=Paper=
{{Paper
|id=None
|storemode=property
|title=From Data Collection to Analysis - Exploring Regional Linguistic Variation in Route Directions by Spatially-Stratified Web Sampling
|pdfUrl=https://ceur-ws.org/Vol-620/paper8.pdf
|volume=Vol-620
}}
==From Data Collection to Analysis - Exploring Regional Linguistic Variation in Route Directions by Spatially-Stratified Web Sampling==
From Data Collection to Analysis – Exploring Regional
Linguistic Variation in Route Directions by Spatially-Stratified
Web Sampling
Sen Xu1, Anuj Jaiswal2, Xiao Zhang3, Alexander Klippel1,
Prasenjit Mitra2 and Alan MacEachren1
1
GeoVista Center, Department of Geography, Pennsylvania State University, U.S.A.
2
College of Information Science and Technology, Pennsylvania State University, U.S.A.
3
Department of Computer Science and Engineering, Pennsylvania State University, U.S.A.
Abstract. How spatial language varies regionally? This study investigates the possibility of
exploring regional linguistic variations in spatial language by collecting and analyzing a
Spatially-strAtified Route Direction Corpus (SARD Corpus) from volunteered spatial language
text on the Web. Because of the fast content sharing functionality of the World Wide Web, it
quickly becomes a hotbed for volunteered spatial language text, such as directions on hotels’
Websites. These route directions can serve as a representation of everyday spatial language
usage on the WWW. The spatial coverage and abundance of the data source is appealing while
collecting and analyzing large quantities of spatially distributed data is still challenging.
Through automated crawling, classifying and geo-referencing web documents containing route
directions from the web, the SARD Corpus has been built covering the U.S., the U.K. and
Australia. We implement a semantic categorical analysis scheme to explore regional variations
in cardinal versus relative direction usages. Preliminary results show both similarity and
differences at national level and geographic patterns at regional level. The design and
implementation of building a geo-referenced large-scale corpus from Web documents offers a
methodological contribution to corpus linguistics, spatial cognition, and the GISciences.

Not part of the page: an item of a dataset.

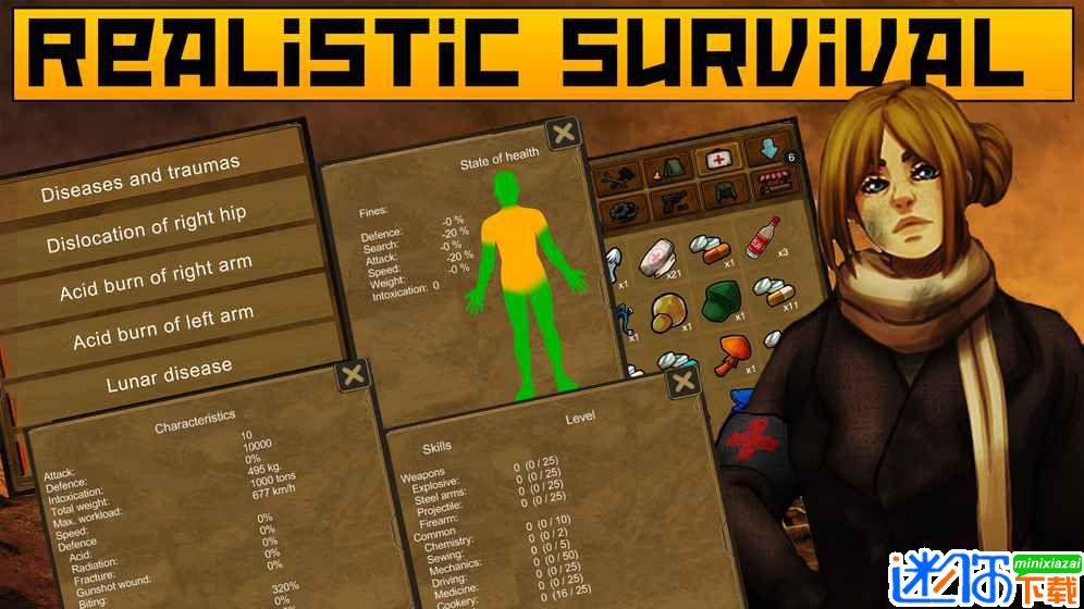 1、玩家需要面对饥饿、僵尸和辐射等生存挑战,并时刻保持警惕;

Keywords: Spatial language analysis, volunteered spatial information, geo-referenced web
sampling, regional linguistic variation, cardinal directions
1 Introduction
Spatial language is an important medium through which we study the representation, perception,
and communication of spatial information. Research has approached spatial language from various
perspectives. From the cognitive perspective, research has focused on group or individual
differences, on how language affects way-finding behaviour, or on how regional context affects
spatial language usage. From the computational perspective, modelling and reasoning has been
applied to spatial language interpretation. The spatial language samples used in these studies have
been mostly collected by individuals via time consuming experiments or interviews. This data
collection method could provide samples that offer understanding on small-scale phenomenon
through manual interpretation by analysts.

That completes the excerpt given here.